◆ Exercise ◆
Among the lines below, a stretch begins at the one with "Deer head chiwawa" and ends at the one with "One in a series". Repeat that stretch exactly, ends included.

= Beginning of Section =

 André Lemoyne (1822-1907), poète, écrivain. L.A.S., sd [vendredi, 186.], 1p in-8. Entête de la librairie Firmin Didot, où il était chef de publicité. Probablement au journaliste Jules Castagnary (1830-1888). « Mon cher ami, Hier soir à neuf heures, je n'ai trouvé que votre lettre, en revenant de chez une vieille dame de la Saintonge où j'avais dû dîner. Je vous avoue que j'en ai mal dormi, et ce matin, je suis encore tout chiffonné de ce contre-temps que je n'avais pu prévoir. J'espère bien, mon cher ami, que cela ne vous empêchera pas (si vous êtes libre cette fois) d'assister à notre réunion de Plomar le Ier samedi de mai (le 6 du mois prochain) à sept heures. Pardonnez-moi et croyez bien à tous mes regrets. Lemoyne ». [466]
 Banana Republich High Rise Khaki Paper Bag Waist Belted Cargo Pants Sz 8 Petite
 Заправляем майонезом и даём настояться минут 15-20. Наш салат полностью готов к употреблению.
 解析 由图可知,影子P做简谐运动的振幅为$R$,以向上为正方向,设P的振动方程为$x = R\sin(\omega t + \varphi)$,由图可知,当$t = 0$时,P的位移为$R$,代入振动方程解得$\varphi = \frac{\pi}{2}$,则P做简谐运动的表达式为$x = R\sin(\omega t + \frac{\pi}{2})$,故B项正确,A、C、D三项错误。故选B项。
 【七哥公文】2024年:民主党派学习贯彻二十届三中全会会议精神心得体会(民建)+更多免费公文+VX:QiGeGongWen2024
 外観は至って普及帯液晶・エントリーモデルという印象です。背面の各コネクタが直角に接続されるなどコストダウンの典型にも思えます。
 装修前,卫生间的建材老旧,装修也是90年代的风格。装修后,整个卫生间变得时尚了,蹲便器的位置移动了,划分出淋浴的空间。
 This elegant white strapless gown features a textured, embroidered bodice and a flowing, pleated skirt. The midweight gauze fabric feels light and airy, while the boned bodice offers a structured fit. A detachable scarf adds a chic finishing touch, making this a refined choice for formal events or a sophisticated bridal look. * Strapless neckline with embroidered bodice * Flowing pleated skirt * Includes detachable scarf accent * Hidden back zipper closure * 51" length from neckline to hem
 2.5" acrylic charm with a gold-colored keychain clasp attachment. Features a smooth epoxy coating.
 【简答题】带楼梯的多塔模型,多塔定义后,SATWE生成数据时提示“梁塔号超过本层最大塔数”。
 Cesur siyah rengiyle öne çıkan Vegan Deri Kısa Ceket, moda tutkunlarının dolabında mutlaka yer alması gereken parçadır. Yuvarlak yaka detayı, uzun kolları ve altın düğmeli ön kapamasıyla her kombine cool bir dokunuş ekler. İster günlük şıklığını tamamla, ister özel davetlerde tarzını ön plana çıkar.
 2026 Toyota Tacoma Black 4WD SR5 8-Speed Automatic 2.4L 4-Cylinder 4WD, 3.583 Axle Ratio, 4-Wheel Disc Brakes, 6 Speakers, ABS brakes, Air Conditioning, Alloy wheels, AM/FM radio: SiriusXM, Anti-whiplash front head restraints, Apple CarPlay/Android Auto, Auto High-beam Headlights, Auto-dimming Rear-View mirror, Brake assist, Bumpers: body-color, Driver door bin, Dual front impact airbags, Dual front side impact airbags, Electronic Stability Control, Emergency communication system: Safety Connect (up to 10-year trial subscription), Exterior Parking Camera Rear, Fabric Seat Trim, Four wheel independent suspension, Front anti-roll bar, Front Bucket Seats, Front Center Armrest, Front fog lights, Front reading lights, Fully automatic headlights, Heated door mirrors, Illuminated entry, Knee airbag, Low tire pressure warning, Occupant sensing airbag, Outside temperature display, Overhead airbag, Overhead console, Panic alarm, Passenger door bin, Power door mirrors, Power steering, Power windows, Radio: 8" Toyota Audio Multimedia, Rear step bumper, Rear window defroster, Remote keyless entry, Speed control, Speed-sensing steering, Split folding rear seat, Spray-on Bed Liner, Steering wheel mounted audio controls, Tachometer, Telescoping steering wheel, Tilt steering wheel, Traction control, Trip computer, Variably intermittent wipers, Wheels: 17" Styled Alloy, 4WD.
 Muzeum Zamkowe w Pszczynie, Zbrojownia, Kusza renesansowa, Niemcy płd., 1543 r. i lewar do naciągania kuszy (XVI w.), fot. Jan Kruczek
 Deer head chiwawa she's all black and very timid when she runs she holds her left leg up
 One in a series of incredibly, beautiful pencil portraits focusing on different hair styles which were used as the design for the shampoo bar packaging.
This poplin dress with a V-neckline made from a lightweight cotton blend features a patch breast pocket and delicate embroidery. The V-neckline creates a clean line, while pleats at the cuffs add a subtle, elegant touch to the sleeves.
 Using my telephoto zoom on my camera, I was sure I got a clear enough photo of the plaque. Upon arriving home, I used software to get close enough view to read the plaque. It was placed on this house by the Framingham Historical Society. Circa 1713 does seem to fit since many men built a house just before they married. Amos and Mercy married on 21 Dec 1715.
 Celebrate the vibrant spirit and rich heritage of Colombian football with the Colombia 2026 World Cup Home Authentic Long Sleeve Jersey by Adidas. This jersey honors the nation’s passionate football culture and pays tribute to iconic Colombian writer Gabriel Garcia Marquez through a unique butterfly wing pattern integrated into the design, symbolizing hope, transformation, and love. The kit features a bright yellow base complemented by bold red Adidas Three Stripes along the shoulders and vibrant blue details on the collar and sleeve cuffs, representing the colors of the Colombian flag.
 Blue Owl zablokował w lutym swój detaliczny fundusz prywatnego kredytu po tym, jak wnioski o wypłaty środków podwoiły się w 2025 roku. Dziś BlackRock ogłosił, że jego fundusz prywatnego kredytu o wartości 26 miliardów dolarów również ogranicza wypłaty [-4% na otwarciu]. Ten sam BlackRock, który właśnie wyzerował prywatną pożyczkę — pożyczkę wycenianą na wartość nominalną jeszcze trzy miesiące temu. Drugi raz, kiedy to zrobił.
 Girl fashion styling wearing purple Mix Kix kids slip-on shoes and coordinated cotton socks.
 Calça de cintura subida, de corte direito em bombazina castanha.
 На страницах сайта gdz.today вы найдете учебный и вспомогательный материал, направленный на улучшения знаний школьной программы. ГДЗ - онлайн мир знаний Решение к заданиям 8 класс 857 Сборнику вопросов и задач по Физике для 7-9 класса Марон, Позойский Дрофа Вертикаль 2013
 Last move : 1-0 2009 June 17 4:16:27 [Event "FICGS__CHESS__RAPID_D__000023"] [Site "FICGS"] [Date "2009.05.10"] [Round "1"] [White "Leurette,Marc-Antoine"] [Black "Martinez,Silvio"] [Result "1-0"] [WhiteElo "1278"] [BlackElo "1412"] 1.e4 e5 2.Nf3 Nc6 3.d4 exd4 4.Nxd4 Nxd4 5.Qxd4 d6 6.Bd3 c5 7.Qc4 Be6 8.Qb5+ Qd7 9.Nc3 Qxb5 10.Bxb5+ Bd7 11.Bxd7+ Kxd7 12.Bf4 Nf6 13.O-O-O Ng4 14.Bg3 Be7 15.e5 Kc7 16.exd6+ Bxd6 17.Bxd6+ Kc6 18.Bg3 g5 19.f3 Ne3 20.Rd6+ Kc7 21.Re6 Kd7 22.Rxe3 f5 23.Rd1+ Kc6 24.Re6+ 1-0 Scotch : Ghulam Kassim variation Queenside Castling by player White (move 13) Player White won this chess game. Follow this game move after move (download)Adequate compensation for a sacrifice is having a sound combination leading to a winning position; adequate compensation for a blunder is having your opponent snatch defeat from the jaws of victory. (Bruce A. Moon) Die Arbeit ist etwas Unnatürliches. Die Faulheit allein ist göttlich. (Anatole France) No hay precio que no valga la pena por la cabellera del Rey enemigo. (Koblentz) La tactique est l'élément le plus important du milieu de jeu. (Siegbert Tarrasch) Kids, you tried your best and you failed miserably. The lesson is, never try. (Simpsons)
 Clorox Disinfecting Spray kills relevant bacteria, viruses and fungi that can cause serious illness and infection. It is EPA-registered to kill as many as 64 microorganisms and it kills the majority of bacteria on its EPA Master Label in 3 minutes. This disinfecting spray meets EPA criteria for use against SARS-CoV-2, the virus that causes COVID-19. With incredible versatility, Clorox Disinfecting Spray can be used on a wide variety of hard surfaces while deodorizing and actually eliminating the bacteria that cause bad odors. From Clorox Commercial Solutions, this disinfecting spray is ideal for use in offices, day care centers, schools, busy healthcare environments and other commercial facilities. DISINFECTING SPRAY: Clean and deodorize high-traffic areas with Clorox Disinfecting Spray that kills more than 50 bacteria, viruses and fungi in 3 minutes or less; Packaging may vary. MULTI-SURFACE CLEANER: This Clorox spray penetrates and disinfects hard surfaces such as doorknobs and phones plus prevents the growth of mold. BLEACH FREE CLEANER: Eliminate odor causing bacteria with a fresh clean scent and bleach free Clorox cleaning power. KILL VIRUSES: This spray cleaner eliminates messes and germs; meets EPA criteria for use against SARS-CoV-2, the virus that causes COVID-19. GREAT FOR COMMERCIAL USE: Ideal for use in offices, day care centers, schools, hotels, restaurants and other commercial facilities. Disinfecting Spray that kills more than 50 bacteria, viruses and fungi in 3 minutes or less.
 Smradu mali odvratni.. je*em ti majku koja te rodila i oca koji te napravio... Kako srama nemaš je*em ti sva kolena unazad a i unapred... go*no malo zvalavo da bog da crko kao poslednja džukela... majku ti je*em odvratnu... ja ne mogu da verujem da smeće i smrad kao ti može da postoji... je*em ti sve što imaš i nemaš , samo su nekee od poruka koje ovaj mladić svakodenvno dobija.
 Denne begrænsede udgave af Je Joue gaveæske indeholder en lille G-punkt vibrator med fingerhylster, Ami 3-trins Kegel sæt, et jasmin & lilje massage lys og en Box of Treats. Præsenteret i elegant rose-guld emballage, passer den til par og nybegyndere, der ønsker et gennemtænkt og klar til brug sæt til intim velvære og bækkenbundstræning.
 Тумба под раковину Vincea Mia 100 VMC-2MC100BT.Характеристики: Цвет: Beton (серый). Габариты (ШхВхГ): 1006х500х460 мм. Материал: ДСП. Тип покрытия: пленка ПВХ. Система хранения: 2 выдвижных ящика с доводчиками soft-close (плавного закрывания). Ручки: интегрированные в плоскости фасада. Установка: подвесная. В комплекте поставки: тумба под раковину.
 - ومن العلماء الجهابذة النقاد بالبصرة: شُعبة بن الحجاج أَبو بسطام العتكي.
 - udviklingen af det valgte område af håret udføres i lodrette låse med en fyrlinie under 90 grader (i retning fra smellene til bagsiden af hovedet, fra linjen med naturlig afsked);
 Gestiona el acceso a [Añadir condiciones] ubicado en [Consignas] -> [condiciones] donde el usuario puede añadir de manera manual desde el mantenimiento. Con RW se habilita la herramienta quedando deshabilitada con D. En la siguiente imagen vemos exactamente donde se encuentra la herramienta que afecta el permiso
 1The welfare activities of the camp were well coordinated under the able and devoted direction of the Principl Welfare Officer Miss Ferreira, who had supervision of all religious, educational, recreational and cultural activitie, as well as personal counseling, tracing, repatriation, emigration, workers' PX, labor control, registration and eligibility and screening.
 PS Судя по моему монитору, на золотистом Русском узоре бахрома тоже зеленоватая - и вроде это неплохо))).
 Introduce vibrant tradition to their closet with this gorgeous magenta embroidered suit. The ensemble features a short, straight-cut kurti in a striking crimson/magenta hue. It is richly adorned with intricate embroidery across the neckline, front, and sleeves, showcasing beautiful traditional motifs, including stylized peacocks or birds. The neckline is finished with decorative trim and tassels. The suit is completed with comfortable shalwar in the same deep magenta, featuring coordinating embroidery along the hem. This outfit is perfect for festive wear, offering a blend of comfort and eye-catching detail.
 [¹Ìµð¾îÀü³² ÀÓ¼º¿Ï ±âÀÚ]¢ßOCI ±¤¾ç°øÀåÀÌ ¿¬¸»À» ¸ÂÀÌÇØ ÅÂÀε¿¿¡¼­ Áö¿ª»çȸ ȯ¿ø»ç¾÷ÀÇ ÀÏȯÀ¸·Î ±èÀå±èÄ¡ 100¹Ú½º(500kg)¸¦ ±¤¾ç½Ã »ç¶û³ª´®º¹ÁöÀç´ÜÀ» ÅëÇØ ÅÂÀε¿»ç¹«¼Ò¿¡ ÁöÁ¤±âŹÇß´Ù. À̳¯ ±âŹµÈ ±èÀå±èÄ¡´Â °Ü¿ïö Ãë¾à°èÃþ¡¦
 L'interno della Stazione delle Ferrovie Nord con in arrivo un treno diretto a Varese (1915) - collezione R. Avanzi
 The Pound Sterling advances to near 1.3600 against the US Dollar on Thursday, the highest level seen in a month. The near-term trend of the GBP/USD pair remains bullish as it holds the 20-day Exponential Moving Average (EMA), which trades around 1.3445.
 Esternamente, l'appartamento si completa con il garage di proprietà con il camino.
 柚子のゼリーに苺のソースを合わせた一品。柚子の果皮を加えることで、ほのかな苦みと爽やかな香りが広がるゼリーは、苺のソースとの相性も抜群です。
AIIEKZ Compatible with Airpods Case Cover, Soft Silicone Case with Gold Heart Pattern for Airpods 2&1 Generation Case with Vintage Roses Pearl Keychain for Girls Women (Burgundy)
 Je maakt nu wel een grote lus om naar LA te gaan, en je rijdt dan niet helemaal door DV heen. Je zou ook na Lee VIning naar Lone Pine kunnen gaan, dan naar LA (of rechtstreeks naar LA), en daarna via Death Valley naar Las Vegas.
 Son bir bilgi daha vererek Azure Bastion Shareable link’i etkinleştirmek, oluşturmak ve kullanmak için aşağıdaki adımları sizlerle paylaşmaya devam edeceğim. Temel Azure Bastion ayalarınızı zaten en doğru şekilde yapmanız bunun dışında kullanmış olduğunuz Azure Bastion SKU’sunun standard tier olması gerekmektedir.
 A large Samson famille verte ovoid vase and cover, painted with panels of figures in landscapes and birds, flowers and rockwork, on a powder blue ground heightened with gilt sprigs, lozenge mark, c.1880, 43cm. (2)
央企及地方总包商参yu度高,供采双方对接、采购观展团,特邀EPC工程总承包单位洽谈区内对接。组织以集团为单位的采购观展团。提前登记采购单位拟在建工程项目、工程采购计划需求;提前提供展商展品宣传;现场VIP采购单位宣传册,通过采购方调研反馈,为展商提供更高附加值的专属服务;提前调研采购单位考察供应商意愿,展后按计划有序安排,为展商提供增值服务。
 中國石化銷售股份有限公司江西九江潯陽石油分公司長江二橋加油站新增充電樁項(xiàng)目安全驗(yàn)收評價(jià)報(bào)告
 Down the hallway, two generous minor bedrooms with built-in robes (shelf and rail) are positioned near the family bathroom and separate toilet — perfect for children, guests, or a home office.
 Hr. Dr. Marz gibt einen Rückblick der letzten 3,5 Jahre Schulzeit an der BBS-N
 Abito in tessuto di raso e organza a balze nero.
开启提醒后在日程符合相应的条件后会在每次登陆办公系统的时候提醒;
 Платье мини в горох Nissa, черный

= End of Section =

◆ Reply ◆
 Deer head chiwawa she's all black and very timid when she runs she holds her left leg up
 One in a series of incredibly, beautiful pencil portraits focusing on different hair styles which were used as the design for the shampoo bar packaging.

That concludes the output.